What to work on
Below is a listing; repeat exactly the lines from the one containing "The chart below" to the one containing "На 18 март 2026", both included.

Available records
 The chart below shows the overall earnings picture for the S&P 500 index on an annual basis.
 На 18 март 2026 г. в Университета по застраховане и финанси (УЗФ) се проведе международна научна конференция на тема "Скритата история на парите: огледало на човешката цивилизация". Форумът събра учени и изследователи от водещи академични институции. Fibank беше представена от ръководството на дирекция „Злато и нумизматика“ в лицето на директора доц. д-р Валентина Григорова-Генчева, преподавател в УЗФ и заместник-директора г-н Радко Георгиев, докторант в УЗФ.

* * *

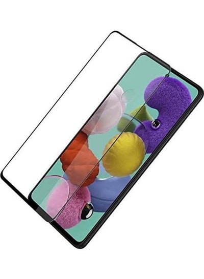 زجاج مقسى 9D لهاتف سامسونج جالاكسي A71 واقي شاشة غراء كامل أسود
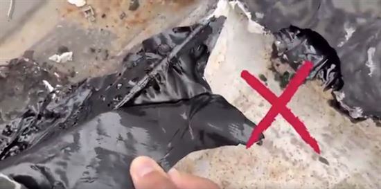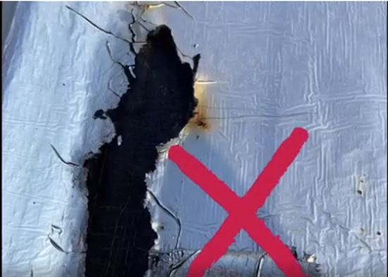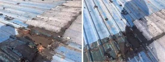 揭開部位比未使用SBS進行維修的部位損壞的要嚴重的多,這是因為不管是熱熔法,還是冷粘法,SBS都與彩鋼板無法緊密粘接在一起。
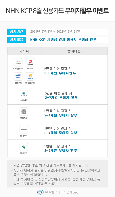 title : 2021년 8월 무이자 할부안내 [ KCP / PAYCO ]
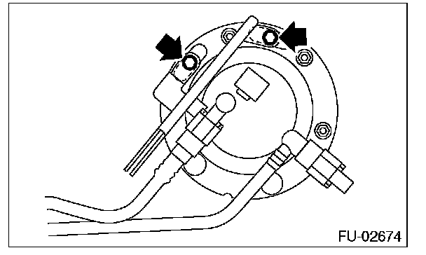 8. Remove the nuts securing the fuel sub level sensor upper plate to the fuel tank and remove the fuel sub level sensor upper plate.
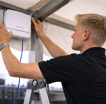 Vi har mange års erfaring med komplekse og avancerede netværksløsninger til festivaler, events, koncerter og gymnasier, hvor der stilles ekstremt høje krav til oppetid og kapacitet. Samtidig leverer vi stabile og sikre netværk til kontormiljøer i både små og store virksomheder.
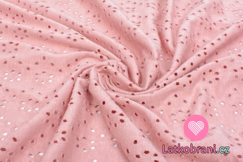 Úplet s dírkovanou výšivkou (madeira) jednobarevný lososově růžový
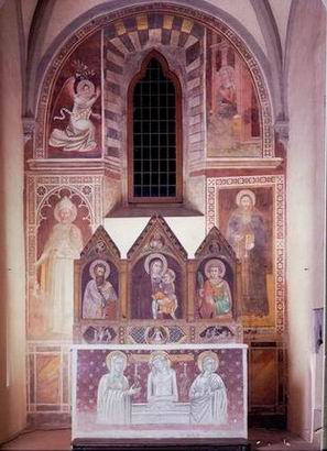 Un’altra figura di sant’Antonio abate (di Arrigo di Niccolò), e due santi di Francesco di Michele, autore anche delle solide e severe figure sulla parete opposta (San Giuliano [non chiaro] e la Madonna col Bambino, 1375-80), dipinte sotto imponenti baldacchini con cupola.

Reply to the exercise
 The chart below shows the overall earnings picture for the S&P 500 index on an annual basis.
 На 18 март 2026 г. в Университета по застраховане и финанси (УЗФ) се проведе международна научна конференция на тема "Скритата история на парите: огледало на човешката цивилизация". Форумът събра учени и изследователи от водещи академични институции. Fibank беше представена от ръководството на дирекция „Злато и нумизматика“ в лицето на директора доц. д-р Валентина Григорова-Генчева, преподавател в УЗФ и заместник-директора г-н Радко Георгиев, докторант в УЗФ.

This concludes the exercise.